As a deficit-fighting funding cut, the CPB money is irrelevant — keep it or don’t, it matters not. As a political signal of the government’s role in society, it’s weak but perhaps directionally laudable. As a measure to filter out supporters and opponents of “owning the libs,” it’s ingenious

You could probably predict a person’s political leanings from their reactions to whether or not the government ought to be funding media outlets. My friend and the PBS filmmaker were certainly upset about it. Given these relative truths, the move reeks of political revenge rather than pragmatic politics. Remarked Jesse Walker for Reason, “Sometimes the king would rather lop off a head than watch someone bend the knee.”

CPB claimed to be the single-largest funding source for thousands of public radio and local TV stations, including NPR and PBS affiliates. If those media outlets provide good, valuable content, they’ll find their audience and stay in business. Why the federal government ought to provide means (read: make-work programs) for a small number of journalists and podcasters, in an era when everyone can effortlessly listen to and voluntarily support whichever show they want, makes no sense. 

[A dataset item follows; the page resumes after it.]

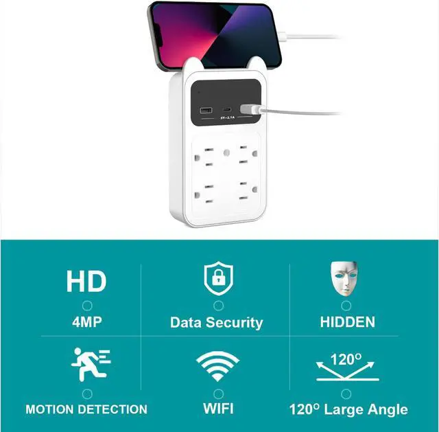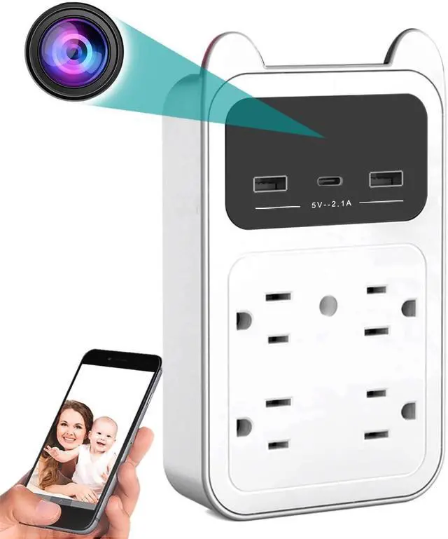 4 IN 1 Versatile Spy Camera ChargerIt looks like a general wall plug extender(4 AC outlets, 2 USB ports, and 1 USB Type-C port. ) However, it is a hidden spy camera with an invisible lens. Even if one suspects its presence, locating it remains a challenge. Ideal for discreet surveillance in homes, offices, hotels, or stores, this nanny camera not only offers convenient charging but also captures the vital information you seek.

Financing media outlets with public money is tragically unfit for purpose, a legacy of a time when airwaves were scarce and national attention carefully gatekept. Of course, then, we should be happy to see CPB go. But it was too much political bang for too few bucks, purchased by further alienating half the country. Absent national divorce, I have no proposals for how to address that problem, but removing select media funding from Congress’s overburdened plate was not worth anybody’s time. 

There are much bigger fish to fry, and a billion is, among friends, practically nothing.